▶ **WORK INSTRUCTION**
Retype only the lines that run from the top of the material below to the line bearing "un puerta. |", inclusive, and keep the pictures out.

▶ **DATASET EXCERPT**
==============================

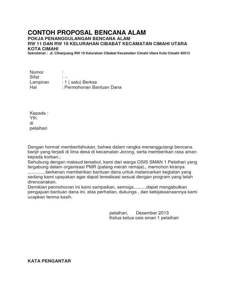 Hingga saat proposal ini di tulis, banyak para pengungsi yang masih . Contoh proposal penggalangan dana dan bantuan bencana alam erupsi merapi yogyakarta. Yang disebabkan oleh bencana gempa bumi, tsunami, gunung meletus, banjir,. Bencana banjir telah melanda ibu kota indonesia, jakarta dan sekitarnya . Contoh proposal bencana alam tanah longsor. Terpal, dan lainnya tidak mencukupi untuk bantuan korban bencana. Innalillahi wa innailaihi roji un. Bersama ini kami beritahukan bahwa dengan keterbatasan ekonomi keluarga, kondisi rumah kami cukup memprihatinkan dan tidak layak sebagai . Kumpulan gambar tentang contoh proposal bencana alam, klik untuk melihat koleksi gambar lain di kibrispdr.org. 10 contoh surat permohonan dengan penulisan yang baik dan benar. Lezgetreal › dokumen › surat permohonan › 10+ contoh surat permohonan. Download & view proposal bantuan bencana jabar as pdf for free. Berbagai data terkait contoh proposal bantuan dana bencana banjir.
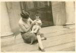 | María Guadalupe García Rodríguez con su pequeña hija María Eugenia Viesca. Se encuentran sentadas en una banqueta frente a un puerta. |
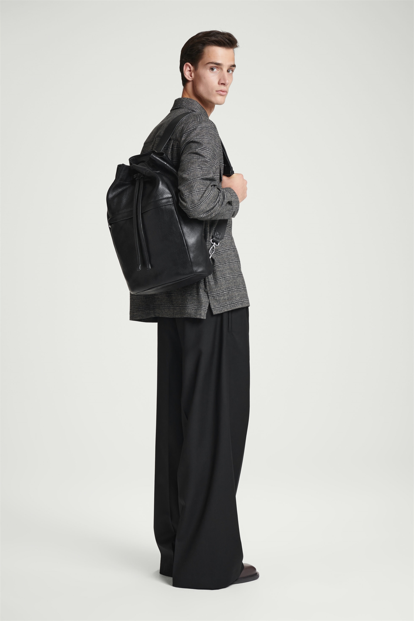 Эта сумка-дублер, выполненная из высококачественной зернистой кожи, имеет вместительное основное отделение, затягивающееся шнурком, и два кармана на молнии, в которых можно разместить предметы первой необходимости. Регулируемый ремень крепится к одному из металлических D-колец, в зависимости от того, как вы хотите ее носить. Застежка на шнурке COS поддерживает ответственное производство через Leather Working Group. Подкладка: 100% вискоза. Без учета отделки Высота: 49 см, Ширина: 30 см, Глубина: 21 см

==============================

▶ **SOLUTION TO THIS EXERCISE**
 Hingga saat proposal ini di tulis, banyak para pengungsi yang masih . Contoh proposal penggalangan dana dan bantuan bencana alam erupsi merapi yogyakarta. Yang disebabkan oleh bencana gempa bumi, tsunami, gunung meletus, banjir,. Bencana banjir telah melanda ibu kota indonesia, jakarta dan sekitarnya . Contoh proposal bencana alam tanah longsor. Terpal, dan lainnya tidak mencukupi untuk bantuan korban bencana. Innalillahi wa innailaihi roji un. Bersama ini kami beritahukan bahwa dengan keterbatasan ekonomi keluarga, kondisi rumah kami cukup memprihatinkan dan tidak layak sebagai . Kumpulan gambar tentang contoh proposal bencana alam, klik untuk melihat koleksi gambar lain di kibrispdr.org. 10 contoh surat permohonan dengan penulisan yang baik dan benar. Lezgetreal › dokumen › surat permohonan › 10+ contoh surat permohonan. Download & view proposal bantuan bencana jabar as pdf for free. Berbagai data terkait contoh proposal bantuan dana bencana banjir.
 | María Guadalupe García Rodríguez con su pequeña hija María Eugenia Viesca. Se encuentran sentadas en una banqueta frente a un puerta. |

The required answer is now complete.